Do disable ASLR, run:

echo 0 | sudo tee /proc/sys/kernel/randomize_va_space



To re-enable it (always do this when done) run:

echo 2 | sudo tee /proc/sys/kernel/randomize_va_space



    Next we need to set certain flags when compiling with gcc. We need everything to compile to 32bit, most likely you are working on a 64 bit machine as that is today’s standard, but this book was written when 32 bit machines where the standard. This can be set using the “-m32” flag. Next we want to make sure that it can be debugged with gdb and the assembly is nice to read, so we use the flags: “ -g -masm=intel”. And finally we want to do our best ignoring/bypassing the ***stack mashing detected*** warnings, so we use various flags to help avoid this. I created a simple shell script that does this automatically called vc (short for Vulnerable Compiler). Here is the script:

#!/usr/bin/sh

gcc -m32 -g -masm=intel -fno-asynchronous-unwind-tables \
        -z execstack -fno-delete-null-pointer-checks \
        -fno-exceptions -fno-stack-protector "$1"
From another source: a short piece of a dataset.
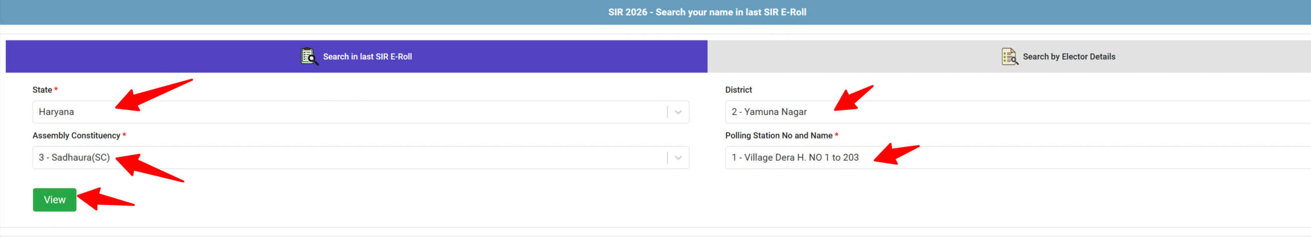 Step 3: On the next page you have to select the “State”,”District”,”Assembly Constituency” and click on view button as the screenshot shown below.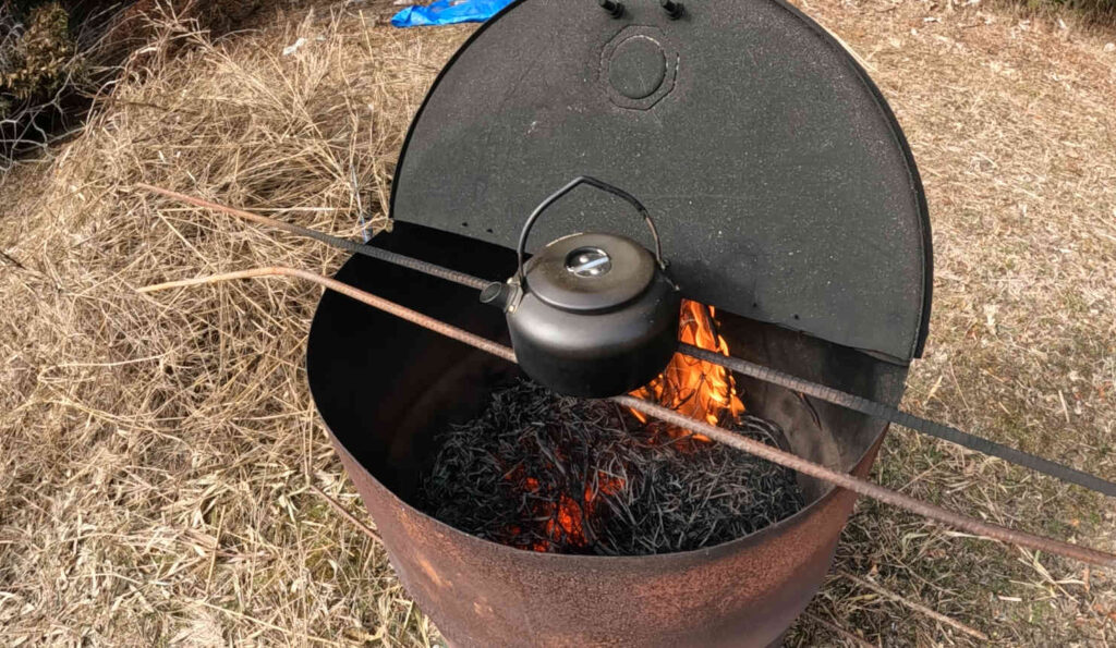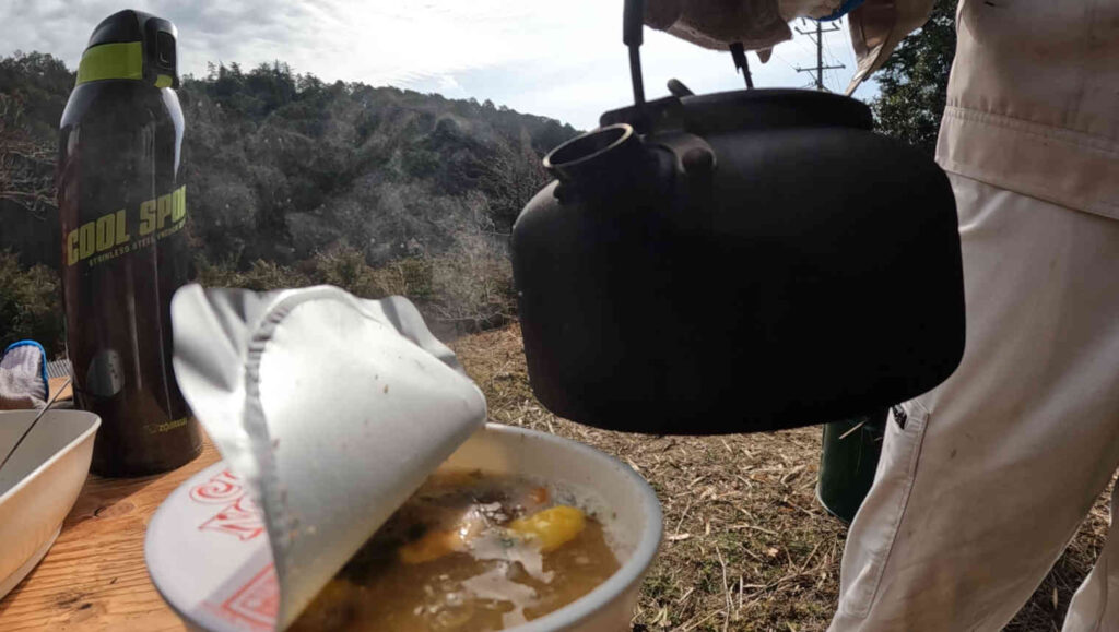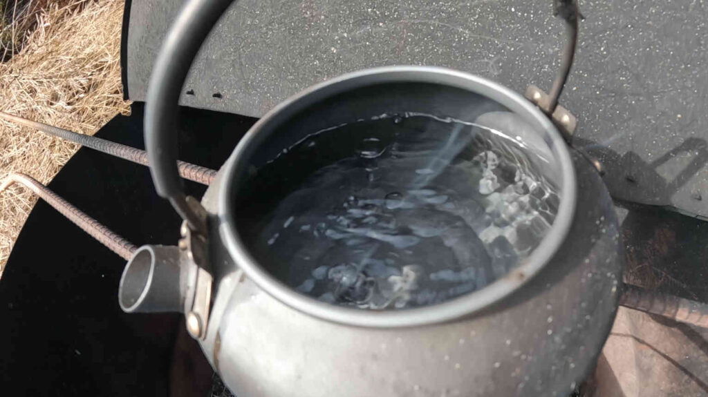 お昼頃になるとお腹が空いてきたので、この火はカップラーメンを食べるためケトルを火にかけてお湯を沸かしていきました。

Just make the script executable, and can very easily compile the code with all of the flags set:

chmod +x vc
./vc program.c
./a.out


    So does this work with the buffer overflows in the book? Yes, but not 100% the same. The examples in the book require the user to overflow the program by inputting 30 ‘A’ characters, but this just causes a segmentation fault. The programs: auth_overflow.c and auth_overflow2.c, both expect 16 characters, and I found that anything 17-23 characters long works. This is what I mean:

$ ./a.out AAAAAAAAAAAAAAAAAAAAAAAAAAAAAA

Segmentation fault (core dumped)

$ ./a.out AAAAAAAAAAAAAAAAAAAA

-=-=-=-=-=-=-=-=-=-=-=-=-=-
         Access Granted.
-=-=-=-=-=-=-=-=-=-=-=-=-=-

    So this works for the buffer overflows I have attempted so far, I am not sure if there are more in the book as I am reading it front to back. This did not work with exlpoit_notesearch.c so it is a hit or a miss, but I find doing things this way helps me get more accustomed to exploitation of modern day machines, as the concepts are still there. Even if this book is old, the attacks will always be relevant in computers. Hope this helps someone out there, cheers.